Rural counties care more about finding ways for residents to supplement incomes, and better broadband brings the chance to work from home. I was working with a rural county in Minnesota last year where I noticed that almost every farm in the county was operating a non-farming business along with farming as a way to supplement income – and this was in a county where the farms had practically no broadband at all and many homes relies on their cellular data for extremely expensive broadband connections. These counties want broadband so that the people living there can make enough money to stay.

Rural counties also need broadband for education. I rarely visit a rural county where there are not a few places in the county where rural residents drive their kids a few night each week to use WiFi in order to do their homework. It’s disheartening to see a parking lot full of cars at a library after it’s closed sitting and doing homework on the slow WiFi leaking out through the library walls.

Earlier I mentioned counties that rely on recreation for their economy. These counties desperately want broadband because they are finding that urban tourists don’t want to visit places that don’t have good internet connectivity and cellphone coverage. And businesses in these counties who rely on tourism have a hard time making it without broadband. Something as simple as offering on-line reservations requires a decent broadband connection, and lack of broadband puts counties at a disadvantage compared to similar areas with broadband.

Finally, rural counties want broadband to help keep the elderly in their homes longer.

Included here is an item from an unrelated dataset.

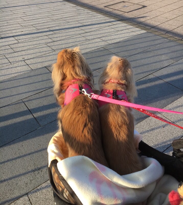 お花見散歩、吐き気がなくなったからか元気動きも良い。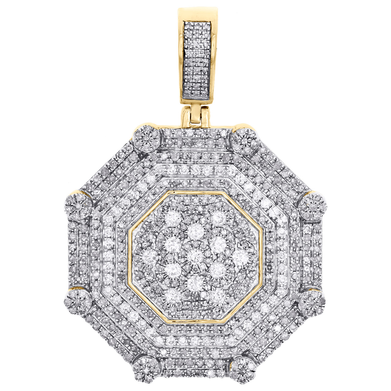 (13.6 gr. of 10K Yellow Gold | Total Carat Weight: 3.87 ct. t.w. of White Diamonds | Length: 2.10" (including bail) | Width: 1.40" | Thickness: 6.25mm | Clarity: SI2 - I1 | Color: G - H | Men's Genuine Round Diamond Octagon Frame Medallion Pendant Statement Pave Charm)

As hard as it is to be elderly in an urban area it’s much harder in a rural area where something as simple as seeing a doctor can mean a long trip. Rural areas also have a hard time attracting doctors and as rural clinics and hospitals continue to close it will become even harder to get basic healthcare. So rural counties are relying more and more on telemedicine and providers like the Mayo Clinic are embracing the technology to help rural America – but telemedicine require decent broadband including good upload speeds.

The skeptics of any government push to improve broadband often use the excuse that people just want broadband to watch TV, and that broadband is just for entertainment. And when people get broadband they take advantage of the wonderful world of entertainment now available on the Internet. But I can’t recall ever having seen entertainment on the list of reasons why rural counties want better broadband – they want it so that their counties survive as viable communities.